Dataset records
--------------------
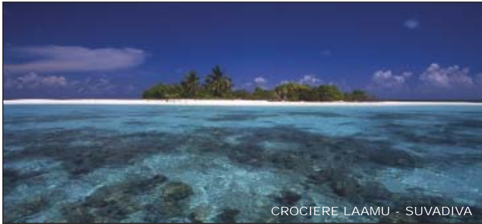
CROCIERE LAAMU - SUVADIVA

Le crociere negli atolli più meridionali delle Maldive sono una meta da sogno. Si naviga fra isole deserte ed incontaminate. Le immersioni, come lo snorkeling, sono in assoluto tra le più belle che l'arcipelago possa offrire con pass e reef ricchissimi di vita. Potrete scegliere la vostra crociera di una o due settimane includendo il tragitto che attraversa tutti gli atolli. Trasferimenti interni da Malè con voli dell'Island Aviation.
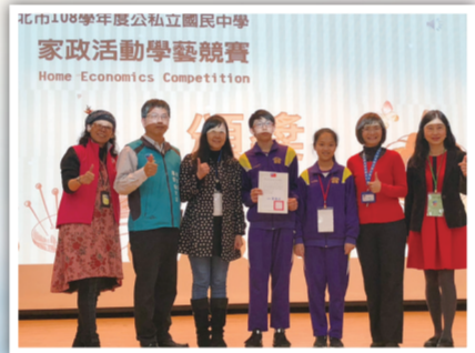
▲本校榮獲臺北市家政競賽團體獎第二名
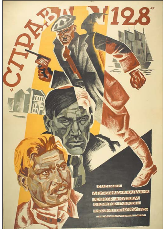
«Справа № 128». Кіноплакат (1927). Художник невідомий
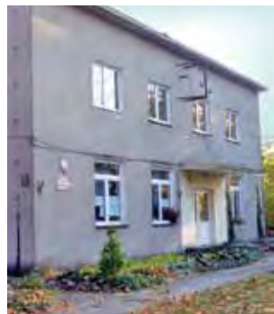
Budynek w Kurabce od 2000 roku stoi nieużytecznie.

Wójt zapowiada zaś, że nie zmieni się docelowe przeznaczenie nieruchomości. Gmina chce, by w Kurabce, w budynku po dawnej szkole, powstał Dom Spokojnej Starości. – Musimy poczekać, być może do przetargu zgłosi się ktoś inny – deklaruje więc.
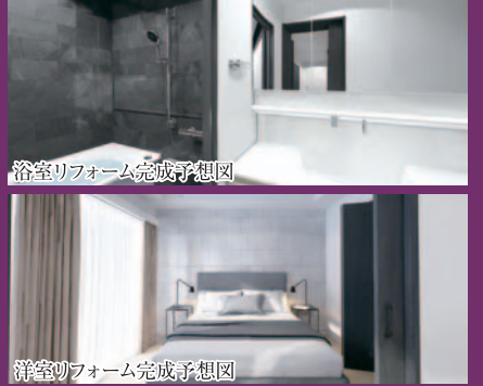
浴室リフォーム完成予想図
--------------------
## TASK BRIEF
Wherever the word "Kurabce" turns up in a line of the entries above, copy that line.

## OUTPUT FOR THIS EXERCISE
Budynek w Kurabce od 2000 roku stoi nieużytecznie.
Wójt zapowiada zaś, że nie zmieni się docelowe przeznaczenie nieruchomości. Gmina chce, by w Kurabce, w budynku po dawnej szkole, powstał Dom Spokojnej Starości. – Musimy poczekać, być może do przetargu zgłosi się ktoś inny – deklaruje więc.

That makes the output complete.